Vaccine efficacies (with COVID-19 examples) - Bayesian posterior VE/CI calculations

13 minute read

It was interesting to see that Pfizer/BioNTech used a Bayesian analysis of the primary endpoint for its COVID-19 vaccine. There are a few posts on this already last year (see resources section below), so I will try not to repeat everything. The goals of this post is to provide (1) an overview of the methods used in assessing vaccine efficacy, (2) more details on the Bayesian statistical analyses, including adjustments for surveillance time (albeit minor, but was used in the Pfizer/BioNTech study) for the sake of completeness and in fully recapitulating the results reported, and (3) adopt this method for the analysis of other select COVID-19 vaccines (which originally used frequentist approaches).

Vaccine efficacy

The way we measure vaccine efficacy is defined as follows,

\[\text{vaccine efficacy (VE)} = 1 - R\]

The R can be ratio of risks (RR, risk ratio); rates (IRR, incidence rate ratio); or hazards (HR, hazard ratio). Because of the ratios, we see that vaccine efficacy is a relative measure - in how much relative reduction in infection or disease in the vaccinated group compared to the unvaccinated group. A VE of 90% means there are 90% fewer cases in the vaccinated group compared to the placebo group. We will use the subscripts \(_v\) and \(_p\) to denote vaccinated and placebo groups, respectively; but obviously the discussion is applicable for comparing between any two treatment arms - not necessarily have to be a placebo.

With RR

\[\text{VE} = 1 - \text{RR} = 1 - \frac{c_v/N_v}{c_p/N_p}\]

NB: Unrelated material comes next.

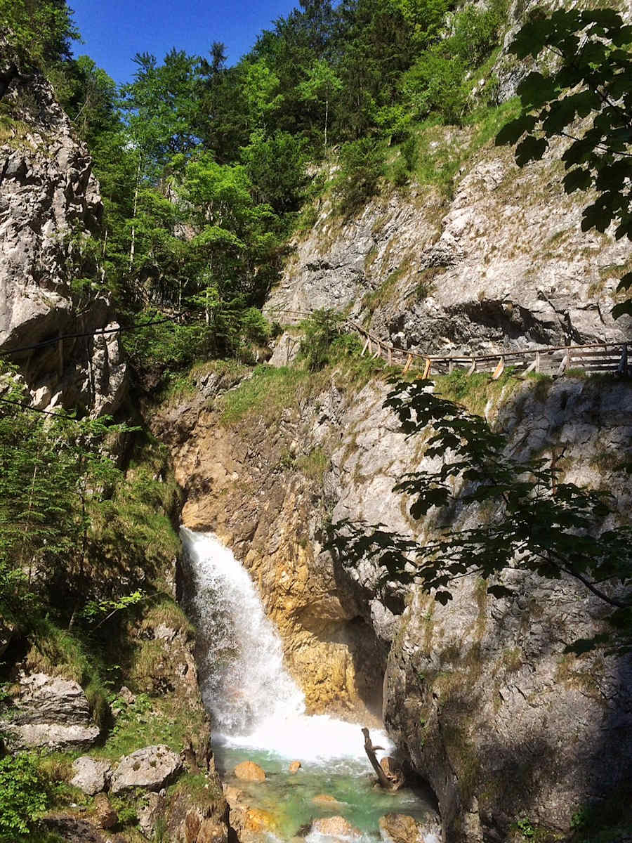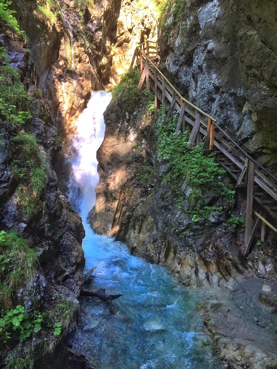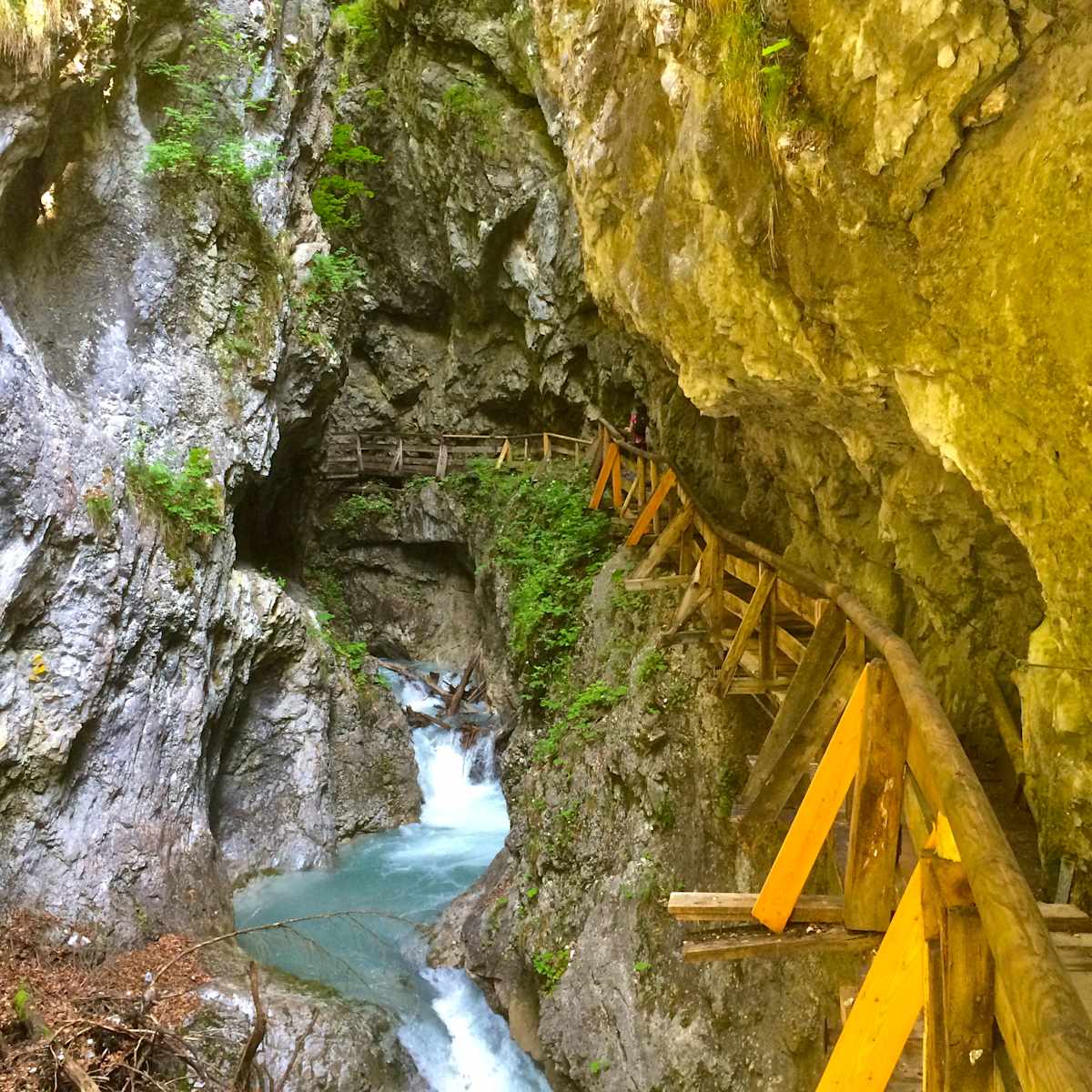 Schon kurz nach dem Einstieg geht‘s los: Die gut gesicherte Klamm im Karawendelgebirge mit ihren attraktiven Brücken und Stegen macht eine Schluchtenexpedition zum Erlebnis. Stiegen führen wie in einem Kirchturm nach oben. Immer entlang des tosenden, in reinstem Türkis daherbrausenden Wassers.

where \(N_v\) and \(N_p\) are the total number of participants in the vaccinated and placebo group, respectively.

With IRR

\[\text{VE} = 1 - \text{IRR} = 1 - \frac{c_v/T_v}{c_p/T_p}\]

where \(T_v\) and \(T_p\) are the time-person years for the vaccinated and placebo group, respectively.

With HR

\[\text{VE} = 1 - \text{HR} = 1 - \frac{\lambda_v}{\lambda_p}\]

where \(\lambda_v\) and \(\lambda_p\) are the hazard rates for the vaccinated and placebo group, respectively. This measures the relative reduction in the hazard of infection. The hazard ratio can be estimated from e.g. Cox regression models.

Select COVID-19 vaccines

With the above measures in mind, we will briefly highlight select COVID-19 vaccines and their protocol characteristics. We will not go into details of the inclusion/exclusion criteria (please refer to actual protocols) - the information below is only to highlight select key parameters for each vaccine. As reference, note that both WHO and FDA recommendation for VE is that the lower bound of the interim analyses adjusted confidence interval for VE to be greater than 30% and that the point estimate of VE to be at least 50%1.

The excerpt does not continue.